■ Task requirements ■
No pictures go into the output, which should consist only of the lines from the first line of the data through the line with "Hatay’ın Antakya ilçesinde", copied exactly.

■ Data segment ■
* * * * * * *

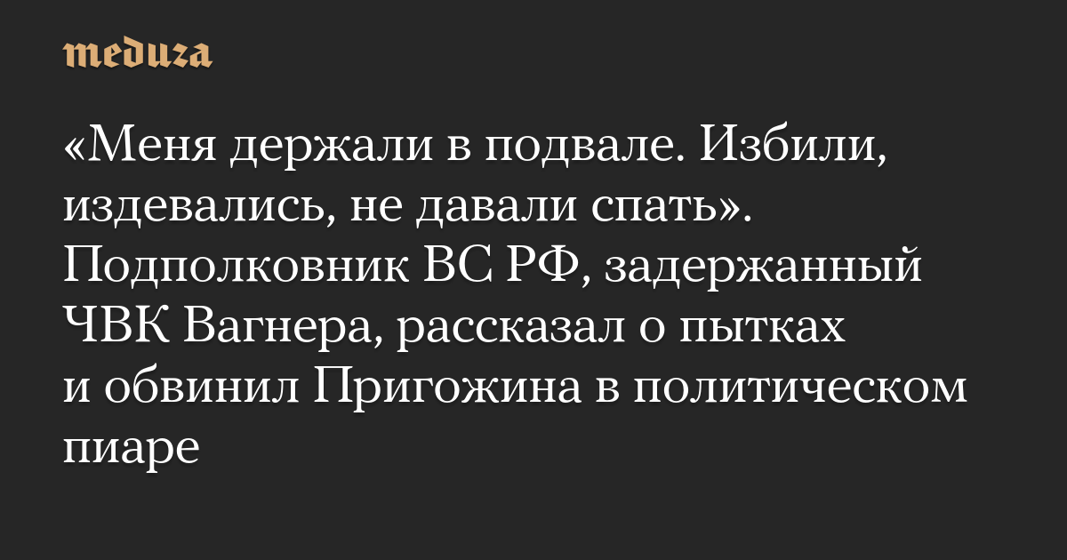 «Меня держали в подвале. Избили, издевались, не давали спать». Подполковник ВС РФ, задержанный ЧВК Вагнера, рассказал о пытках и обвинил Пригожина в политическом пиаре
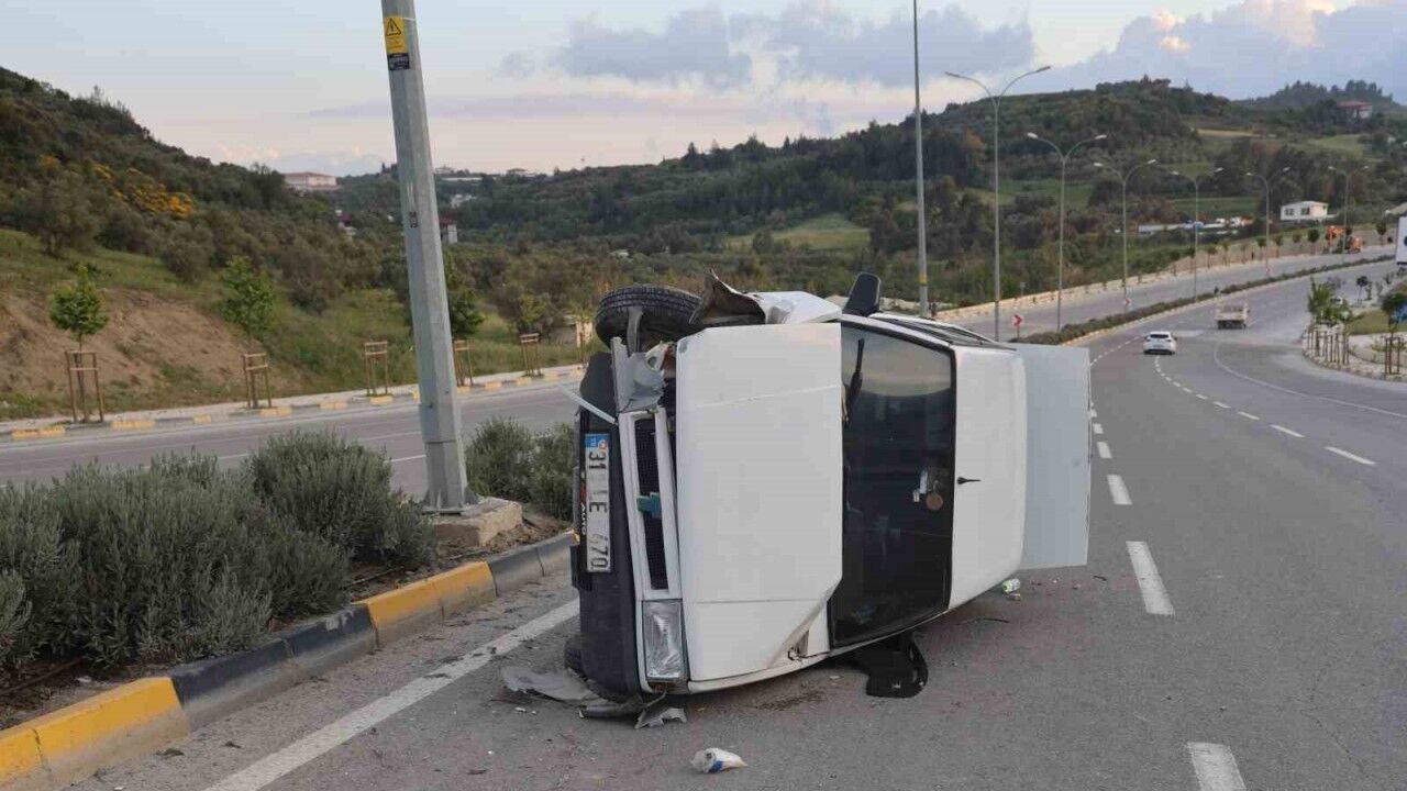 Hatay’ın Antakya ilçesinde kaldırıma çarparak yan yatan Fiat Tofaş marka otomobildeki 4 kişi yaralandı.
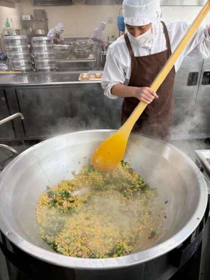 ツナとチンゲンサイのいためものは、ツナ、下茹でしたチンゲンサイ、コーンを炒め、塩、こしょう、こいくちしょうゆで味付けしています。ツナの旨みがよく出ていました。
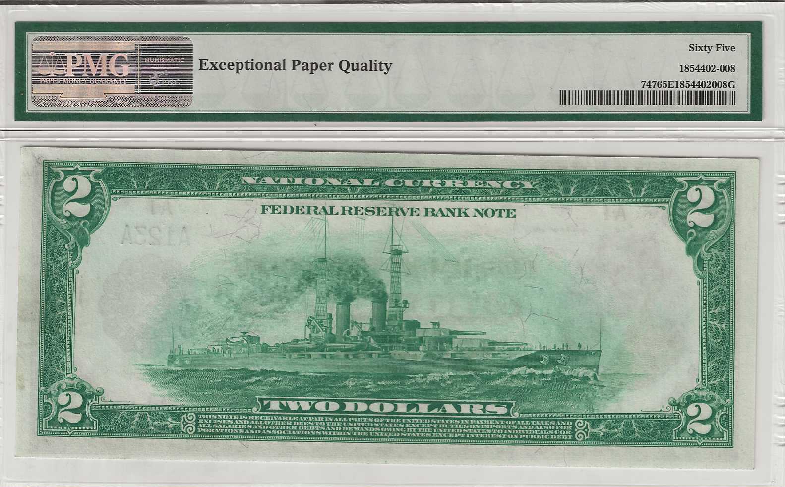 The 1918 $2 Federal Reserve Bank Note from Boston, certified Gem Uncirculated PMG 65 EPQ, is a distinguished example of American currency. The obverse features a portrait of Thomas Jefferson, symbolizing the nation’s democratic ideals, alongside the Boston district’s official blue seal and matching serial number. Of particular note is its sequential serial number A123A, adding further distinction and desirability. The reverse presents a finely detailed vignette of American warships, capturing a pivotal moment in U.S. history. With its artistry, originality, and exceptional preservation, this note stands as a premium acquisition for the advanced collector.

* * * * * * *

■ Solution ■
 «Меня держали в подвале. Избили, издевались, не давали спать». Подполковник ВС РФ, задержанный ЧВК Вагнера, рассказал о пытках и обвинил Пригожина в политическом пиаре
 Hatay’ın Antakya ilçesinde kaldırıma çarparak yan yatan Fiat Tofaş marka otomobildeki 4 kişi yaralandı.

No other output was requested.